I guess we should’ve seen it coming — I mean, MapReduce jobs are largely hand-coded. I’ve just never seen someone put it in quite those terms.
It’s already happening to some extent, according to Jorge Lopez, senior management, data integration, Syncsort, in a recent column for TDWI.
In 2012, more companies needed high-performance data integration, since conventional, batch-processing tools couldn’t keep up with Big Data’s scale and performance requirements, he writes. So, more companies started to “rely on constant manual tuning” to get the results.
This remark caught my eye, because it was only in late 2011 that the TDWI reported that the scales had shifted with more organizations abandoning hand-coding for data integration solutions. That certainly didn’t last long.

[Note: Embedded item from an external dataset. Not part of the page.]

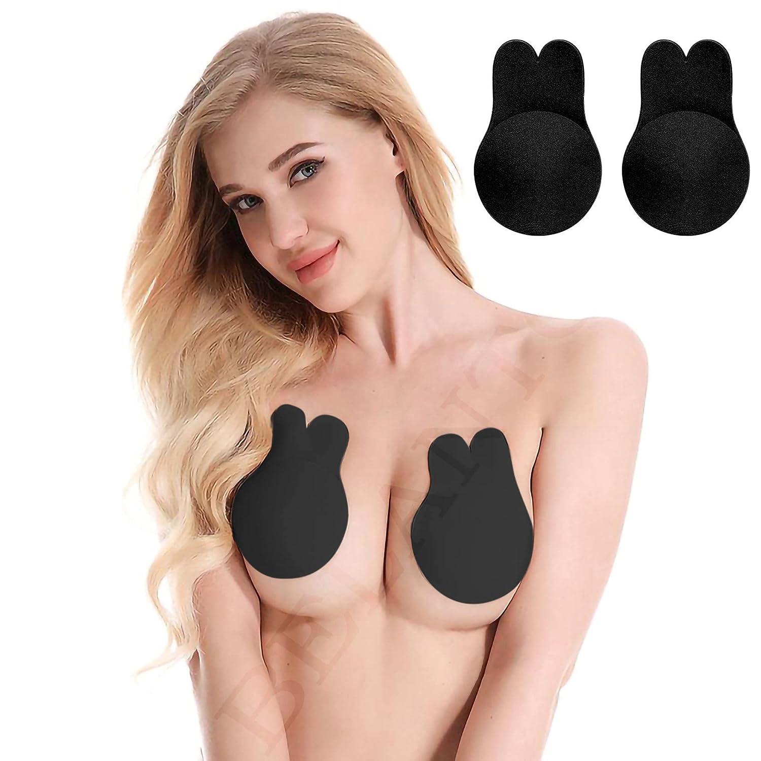 Brachy Black Sticky Adhesive Silicone Invisible Push Up Backless Strapless Nipple Cover Bra

Anyway, based on this shift back to hand-coding, Lopez is predicting more hand-coding in 2013, even a veritable “spike” in hand-coding “as organizations seek alternative approaches to meet performance and scalability requirements.”
What’s interesting is that he doesn’t see the whole process being hand-coded, but in some cases, the hand-coding will be necessary to complete the integration. Hadoop in particular creates a demand for manual coding because MapReduce relies on Java, Pig or Hive — not the SQL that’s foundational for so many enterprise solutions.

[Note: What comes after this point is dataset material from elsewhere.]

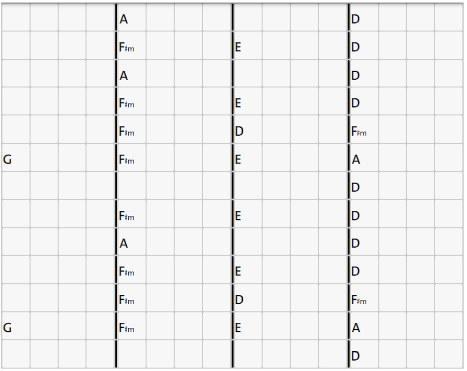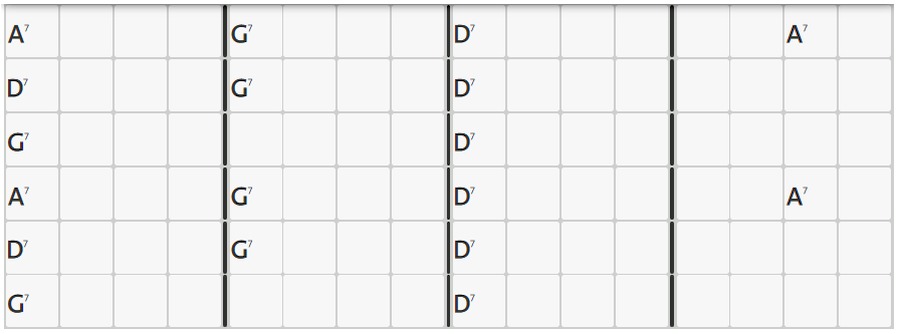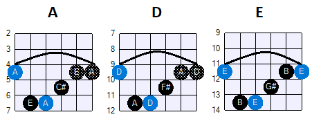 Als we een I - IV - V akkoordprogressie willen spelen, dan hebben we de volgende akkoorden: A, D en E (allen majeur akkoorden), zie de tabel

As you might expect, there will be consequences to all this new hand-coding.
“As organizations retreat to manual coding, they will face development and maintenance challenges, especially as big data continues to raise the requirements bar,” Lopez writes.
Lopez suggests that the solution will be “using friendly graphical user interfaces that leverage existing IT skills and highly scalable, self-tuning engines to help reduce the complexities of designing for performance.”

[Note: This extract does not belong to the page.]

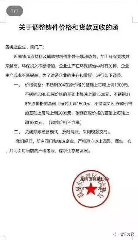 龍灣區(qū)鑄造協(xié)會(huì)的調(diào)價(jià)公函

That’s a not so-subtle push for Synscort’s own solution, which accelerates integration and is built for large datasets. But I’m going to assume it’s not the only solution.
So, Big Data’s not going away, but it may change the data integration conversation even more than it already has.
Talend’s vice president of marketing, Yves de Montcheuil, recently explained how Big Data will intersect with another major integration technology, Master Data Management:
“Adding ‘Big’ to MDM does not mean that the master data hub will be stored in Hadoop (although NoSQL could enable this sooner than one thinks), nor does it mean that its size will grow exponentially in a short timeframe. Rather, it means that some of the big data (or new data) will be managed in the MDM hub itself, linked from the MDM hub in a federated approach, or will simply benefit from the consistency and resolution services that MDM brings to the table.”
Informatica’s Vice President of Cloud Data Integration Darren Cunningham agrees that MDM and Big Data will intersect this year. In general, he predicts a shift toward making Big Data more relevant by ensuring it’s available in a timely matter and that the data is high quality.
“Data scientists will continue to play an important role in the enterprise, but the bulk of the work to make Big Data useful is handled by the right approach to tackling the strategic requirement for better data integration and data quality,” Cunningham said during a recent Q&A with IT Business Edge.